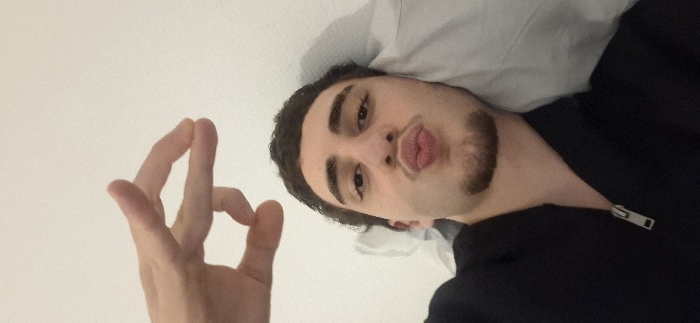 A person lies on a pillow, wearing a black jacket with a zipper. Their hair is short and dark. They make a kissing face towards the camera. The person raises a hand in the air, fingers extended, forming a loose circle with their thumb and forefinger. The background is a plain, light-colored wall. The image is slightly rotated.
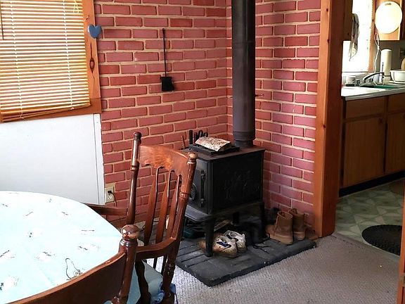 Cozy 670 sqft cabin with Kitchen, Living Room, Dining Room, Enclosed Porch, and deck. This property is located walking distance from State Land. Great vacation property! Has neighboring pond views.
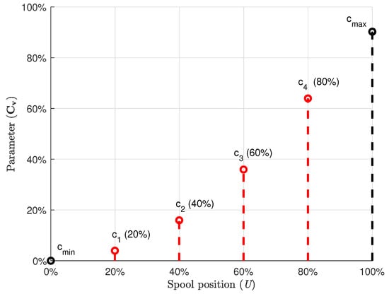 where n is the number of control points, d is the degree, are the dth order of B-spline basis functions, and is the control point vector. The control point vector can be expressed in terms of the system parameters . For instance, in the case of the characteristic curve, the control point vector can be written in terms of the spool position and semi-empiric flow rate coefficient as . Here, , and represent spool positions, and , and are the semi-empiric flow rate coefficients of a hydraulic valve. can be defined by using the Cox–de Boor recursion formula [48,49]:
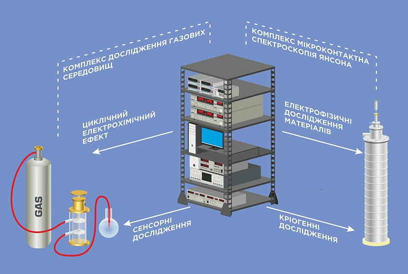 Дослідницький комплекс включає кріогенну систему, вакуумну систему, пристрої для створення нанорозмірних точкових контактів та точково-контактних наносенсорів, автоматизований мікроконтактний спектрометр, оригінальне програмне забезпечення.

==========

▸ REQUIREMENT:
Retype all of the material above exactly; the pictures stay out.

▸ RESPONSE AREA:
 A person lies on a pillow, wearing a black jacket with a zipper. Their hair is short and dark. They make a kissing face towards the camera. The person raises a hand in the air, fingers extended, forming a loose circle with their thumb and forefinger. The background is a plain, light-colored wall. The image is slightly rotated.
 Cozy 670 sqft cabin with Kitchen, Living Room, Dining Room, Enclosed Porch, and deck. This property is located walking distance from State Land. Great vacation property! Has neighboring pond views.
 where n is the number of control points, d is the degree, are the dth order of B-spline basis functions, and is the control point vector. The control point vector can be expressed in terms of the system parameters . For instance, in the case of the characteristic curve, the control point vector can be written in terms of the spool position and semi-empiric flow rate coefficient as . Here, , and represent spool positions, and , and are the semi-empiric flow rate coefficients of a hydraulic valve. can be defined by using the Cox–de Boor recursion formula [48,49]:
 Дослідницький комплекс включає кріогенну систему, вакуумну систему, пристрої для створення нанорозмірних точкових контактів та точково-контактних наносенсорів, автоматизований мікроконтактний спектрометр, оригінальне програмне забезпечення.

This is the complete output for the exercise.